I have to be honest…this isn't entirely altruistic on my part. I've been in the "boring middle" for a few years now. Helping someone else who is starting from zero (less than zero actually) is invigorating.
We had a meeting today where I proposed my split-income strategy (a portion to debt, and a portion to living, with no budgeting restrictions on the living money except the general ceiling of having less money to spend). It helped that over THIRTY PERCENT of her take-home was already going to minimum payments on debt, so bumping that up to 40% wasn't as huge a sell. But if she can maintain that 40% diversion rate, that will be a powerful tool once it's redirected to investing.
She has a bonus coming up from work, and I think I've convinced her to use it to create a buffer for the debt paying account. Then she can direct both her bill payments and her direct deposits to the debt paying account, have it all on autopay, and not have to worry about it.
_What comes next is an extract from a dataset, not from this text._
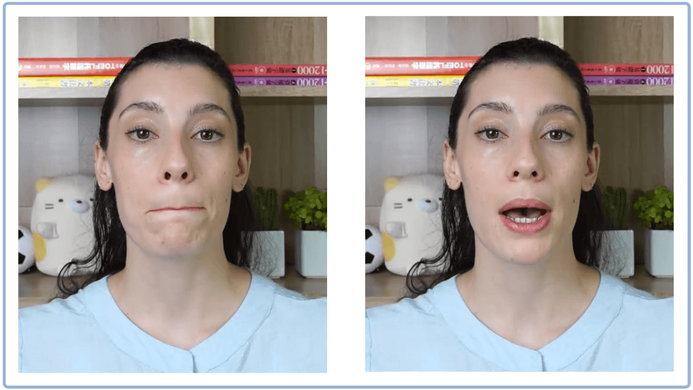 [p]是無聲子音,發音類似注音ㄆ。[p]是雙唇音,由上唇和下唇使力一起發出來的音。無聲子音的發音方式,請看綜合課程裡〈無聲子音如何發音〉的影片。請看下面的圖片,這是美國老師發音[p]兩個嘴巴的動作,先閉上雙唇,然後用力把氣流推出來。

A large part of her stress is in constantly juggling when to make payments and how to make sure she has enough in her account to pay for bills. I think removing that stress will be revolutionary for her.
We spent the bulk of today's meeting going through all her debts account by account and writing out the total amount, interest rate, and monthly payment. For now, the most important parts are the monthly minimums, since that gives us at least a ballpark for how much she can throw at it. She's never seen it aggregated like that before and I think seeing the total amount she's spending on maintaining the debt was sobering.
Our next meeting will be creating the new account and setting up direct deposits and automatic bill pay. If she can follow through with that, she's basically past the point where she can flake out - she'll be committed to debt payoff via her own aversion to dealing with money. She'll have set up the system to automatically take care of it, it will only need occasional adjustments. The only thing that could throw her off is taking on more debt, which I am a little concerned about to be honest. She's enthusiastic about paying it off now, but how best to keep that resolve in the coming weeks, months, years? Yes, we can remove her cards as an Amazon payment option, but she could always add them back again. I'm not sure how much friction to push for - deleting her saved passwords? Freezing the cards in blocks of ice? Canceling the cards entirely? Would love to hear everyone's thoughts on this.